家庭、福祉施設、職場での障害者への虐待の禁止、防止と早期発見、養護者らへの支援を定めた法律。正式名称は「障害者虐待の防止、障害者の養護者に対する支援等に関する法律」(平成24年法律第67号)。虐待の事実を訴えられない障害者に対する虐待は社会全体で共有、解決すべき問題であるとの見地から、虐待と疑われる行為を発見したすべての国民に地方自治体への通報を義務づけた。また、通報を受けた市町村には家庭内への立ち入り調査権や、被害者を家族や福祉施設から切り離す一時的保護を認めた。2011年(平成23)6月成立、翌2012年10月施行。社会的弱者への虐待防止に関する法律としては、児童虐待防止法(2000年11月施行)、高齢者虐待防止法(2006年4月施行)に続く法整備である。茨城、滋賀、福岡県など全国各地で障害者虐待事件が相次いで社会問題化したため、2004年ごろから法制定の気運が高まった。しかし、2005年の郵政民営化関連法案の否決による解散や2009年の政権交代につながる衆議院解散のあおりを受けて二度廃案となり、2011年に超党派議員立法で制定にこぎつけた。

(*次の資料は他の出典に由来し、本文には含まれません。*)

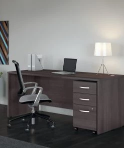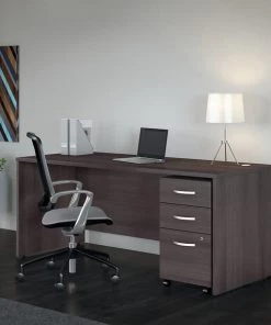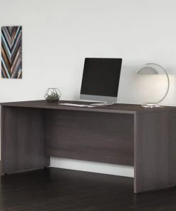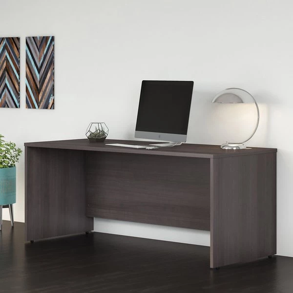 Choose the Bush Business Furniture Studio C 72W Office Desk for a durable design that works hard for years with a fresh finish that looks great anywhere. With a thick surface, an extended modesty panel and clean lines, the Office Desk conveys a classic look but adds a contemporary White or Storm Gray finish to meet the style needs of the modern workspace. The thermally fused laminate finish, durable edge banding and sturdy end panels resist scratches, stains or dents while standing up to the rigors of a 40-plus hour work week. Keep pesky computer cords out of your way with the cable management system for an organized work surface. Combine the Desk with matching products and accessories from the Studio C collection to create a unique office for the way you work. This contemporary office furniture comes meets ANSI/BIFMA quality test standards. See the full collection for coordinating items available to make your office your own with Studio C.

 同法の保護の対象と規定されるのは障害者基本法に定める身体障害、知的障害、精神障害を負う人々で、虐待者としては、家族など身の回りの世話をする養護者だけでなく、福祉施設の職員、職場の上司や同僚などが規定された。虐待として禁止するのは、「身体的虐待」「心理的虐待」「性的虐待」のほか、介護や世話の放棄や必要な医療を受けさせない「ネグレクト」、年金や賃金を搾取する「経済的虐待」の5類型とする。また、虐待発見者に通報義務を課すと同時に、通報者を解雇するなどの不利な扱いをすることも禁止した。国と地方自治体は障害者虐待防止や養護者支援の義務を負い、必要に応じて警察へ援助を要請することや、成年後見人をつけるよう裁判所に申し立てることもできる。福祉施設での虐待は、地方自治体が調査のうえ実態を公表し、改善、勧告、業務停止や解散を命令する。職場での虐待については、地方自治体を通じて労働局が調査、指導し、実態を公表する。これに伴い、地方自治体には通報や届出を受け付ける365日24時間対応の窓口設置が義務づけられ、都道府県には「権利擁護センター」、市町村には「虐待防止センター」が置かれた。しかし同法施行後も障害者虐待は続いており、施行後半年間(2013年3月末まで)の障害者の虐待に関する相談・通報は約4500件に上り、うち約1500件が虐待と認定されたことが厚生労働省の調査で判明している。[編集部]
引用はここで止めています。